In an accompanying editorial, Phillip H. Abbosh, MD, PhD, and Elizabeth R. Plimack, MD, both from Fox Chase Cancer Center, Philadelphia, Pennsylvania, said that cost-effectiveness estimates suggest that even for patients with a history of superficial bladder cancer, "cystoscopy only" is the most cost-effective strategy for tumor detection. They also noted that tumors missed on cystoscopy were also missed by urinary biomarkers.

Dr Plimack, who is director or genitourinary clinical research and is associate professor in the Department of Hematology/Oncology, told Medscape Medical News, "If a urine-based test were available that would identify new or recurrent superficial lesions and allow providers to avoid in-office cystoscopy in patients testing negatively, a cost savings might be realized. In addition, many patients might be spared from a procedure that can sometimes be associated with discomfort, urinary tract infections, urethral strictures, and, rarely, hospitalization. In their current state, the tests are not exempting clinicians from other procedures."
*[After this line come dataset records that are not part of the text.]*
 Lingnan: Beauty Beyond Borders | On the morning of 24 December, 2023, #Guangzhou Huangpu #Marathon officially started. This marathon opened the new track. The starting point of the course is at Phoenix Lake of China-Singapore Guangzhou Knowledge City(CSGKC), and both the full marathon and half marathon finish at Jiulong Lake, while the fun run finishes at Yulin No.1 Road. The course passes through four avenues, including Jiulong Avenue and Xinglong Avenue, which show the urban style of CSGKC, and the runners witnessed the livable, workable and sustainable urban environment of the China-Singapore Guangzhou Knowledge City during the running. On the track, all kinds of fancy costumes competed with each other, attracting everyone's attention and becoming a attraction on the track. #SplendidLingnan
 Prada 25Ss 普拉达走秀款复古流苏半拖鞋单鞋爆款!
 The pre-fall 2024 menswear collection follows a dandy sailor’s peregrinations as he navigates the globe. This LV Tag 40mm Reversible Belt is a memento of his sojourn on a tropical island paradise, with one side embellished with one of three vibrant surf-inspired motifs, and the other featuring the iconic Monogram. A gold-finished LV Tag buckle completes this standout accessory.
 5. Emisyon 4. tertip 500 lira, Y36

Diagnostic sensitivity for bladder cancer ranged from 0.57 to 0.82; specificity ranged from 0.74 to 0.88. Sensitivity increased with higher tumor stage or grade. With some biomarkers, sensitivity was higher for initial diagnosis of bladder cancer than for diagnosis of recurrence. Dr Chou said that before a biomarker could be considered a candidate for replacing standard methods, he would like to see sensitivity and specificity be greater 90% and, ideally, close to 100%, especially with regard to sensitivity.
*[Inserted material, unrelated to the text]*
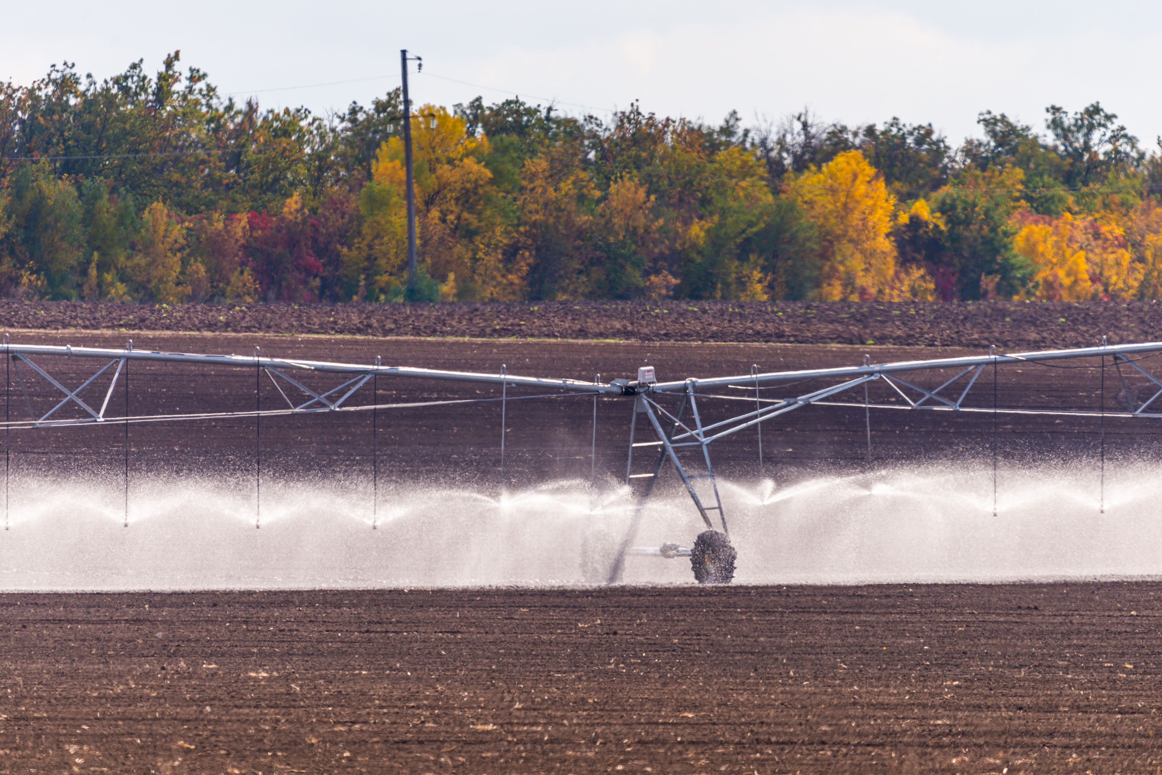 This photograph captures a modern center pivot irrigation system actively watering an expansive agricultural field during the autumn season. The machinery, composed of sturdy metal arms and sprinkler heads, moves methodically across the dark, tilled soil, spraying water in rhythmic arcs that glisten under diffused natural light. In the background, a dense line of trees displays vibrant fall colors — golden yellows, deep reds, and rich greens — creating a striking contrast with the industrial steel structure in the foreground. The sky is overcast, casting soft shadows and enhancing the earthy tones of the field. This scene represents the intersection of advanced agricultural technology and natural seasonal beauty, highlighting sustainable farming practices that ensure crop health during critical growth stages.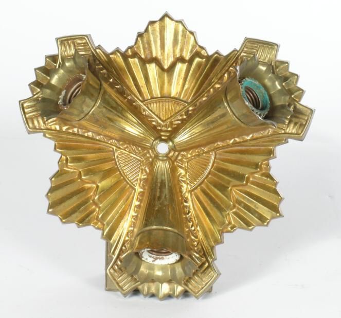 Art Deco style brass ceiling flush. Marquee sockets. Large stamped pan.

Quantitative NMP22 and qualitative BTA were similarly accurate in head-to-head comparisons. There were few head-to-head studies of other biomarkers.

Dr Chou suggested that urinary biomarkers might be helpful as an adjunct to standard surveillance to help determine the patients in whom there is a high likelihood for recurrence, even with a negative cystoscopy result, and that they might be helpful in situations in which the cytology results are equivocal.
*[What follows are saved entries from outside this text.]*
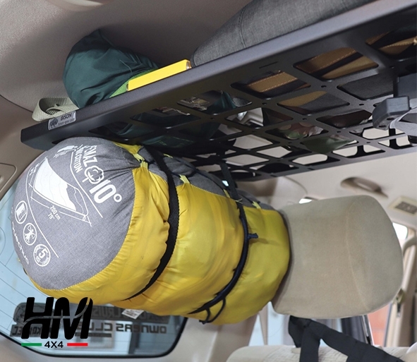 Se vi siete mai trovati di fronte alla sfida dello spazio limitato quando siete in viaggio, soprattutto durante le escursioni in fuoristrada, questo ripiano a soffitto è la soluzione definitiva. Offre un'area di stivaggio aggiuntiva che può fare la differenza nell'allestimento della vostra avventura.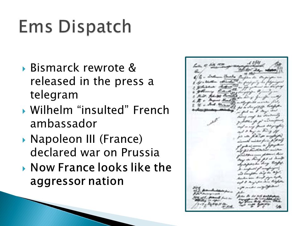 It was said that the German Chancellor Otto von Bismarck manipulated the situation by dispatching the Ems Telegram on July 14th of 1870, inciting the Second French Empire to declare war on the Kingdom of Prussia on July 19th of 1870.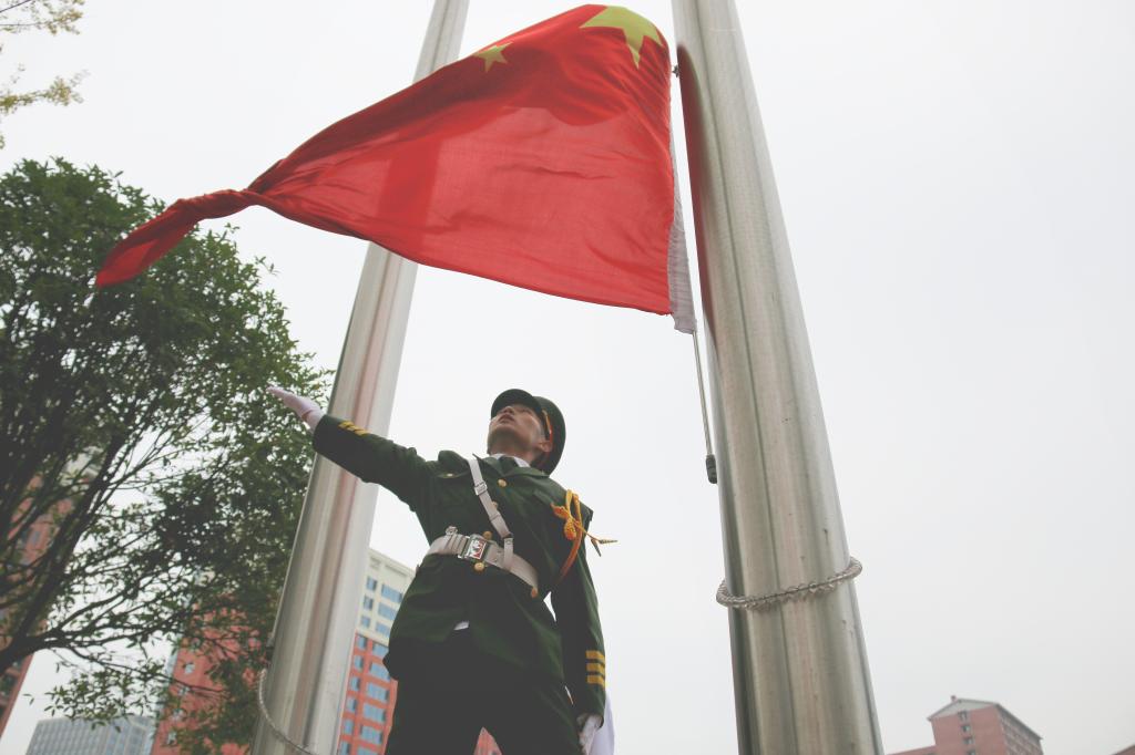 红旗飘扬,鼓乐齐鸣。守护国旗壮人心,步步铿锵踏将来。国旗护卫方阵目光如炬,精神昂扬。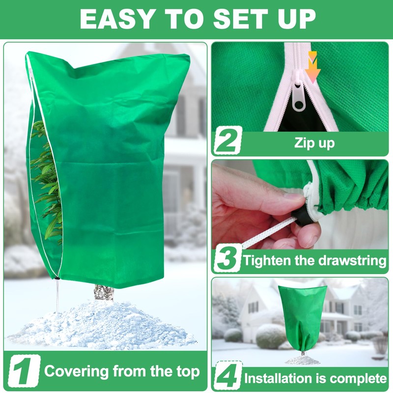 - Frost Cover With Zipper & Drawstring: Zipper design is easy to cover or remove, making it convenient for watering or checking the condition of plants. Adjustable drawstring to prevent damage to plants from cold ground winds.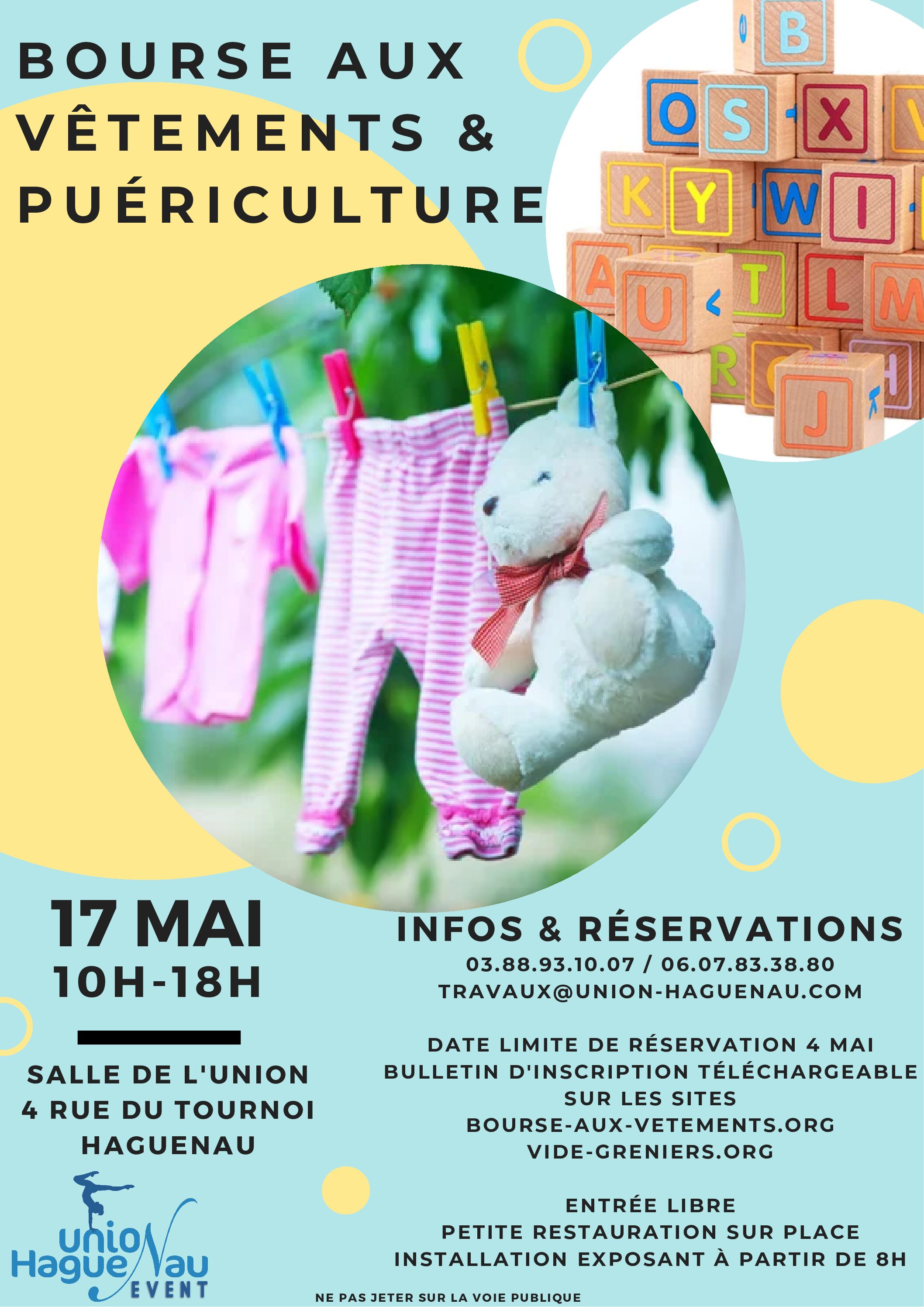 La Société de Gymnastique et de Sports UNION HAGUENAU organise le 17 mai 2026 une bourse de vêtements et de matériel de puériculture dans ses locaux au 4 rue du Tournoi à Haguenau. Entrée libre et petite restauration. Accueil visiteurs de 10h à 18h . Tarif exposant 12€ la place + portant non fourni 2€. Vous trouverez le bulletin d’inscription exposants sur le site bourse bourse-aux-vetements.org ; paiement et inscription possibles en ligne.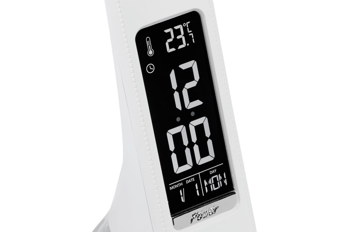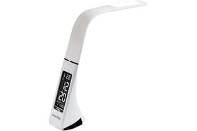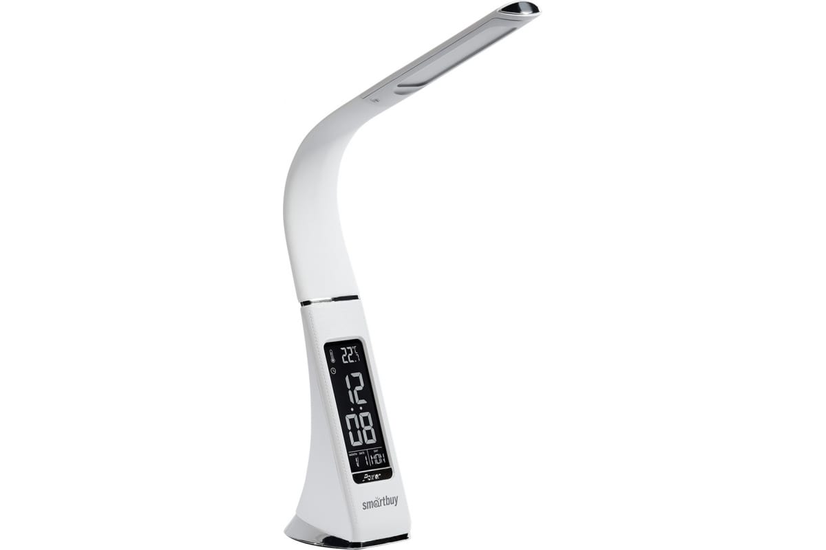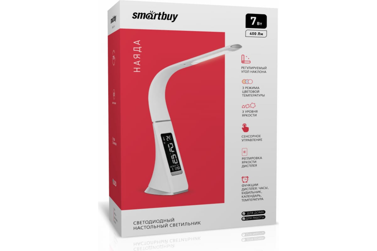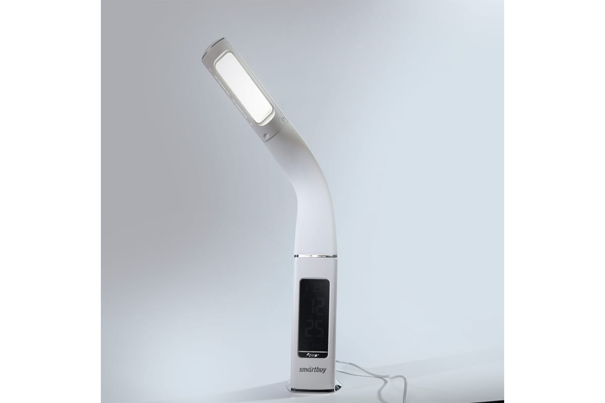 Светодиодный настольный светильник Smartbuy Наяда, 7 Вт, белый SBL-DL-7-w подключается к стандартной электросети с напряжением 220 В. Имеет три уровня яркости, три режима цветовой температуры. Цветовая температура основного света: 3000-6500К.Световой поток: 400 Лм. Функции дисплея: часы, будильник, календарь, температура. Длина провода 1,5 м.

"There are questions about whether biomarkers can be used to predict response to different types of therapy, predict prognosis, or predict recurrence, and more research seems to be warranted in those areas," Dr Chou added.

Better biomarkers might be on the horizon. Dr Plimack said that tests now under development that incorporate FGFR3 hot-spot mutations (which are present in the majority of superficial bladder cancers), that detect both FGFR3 point mutations and CpG island hypermethylation, or that detect more than one type of cancer-specific alteration (eg, immunohistochemistry plus point mutation or mRNA alterations) might increase sensitivity without compromising specificity.

The study authors, Dr Abbosh, and Dr Plimack have disclosed no relevant financial relationships.

Ann Intern Med. Published online October 27, 2015.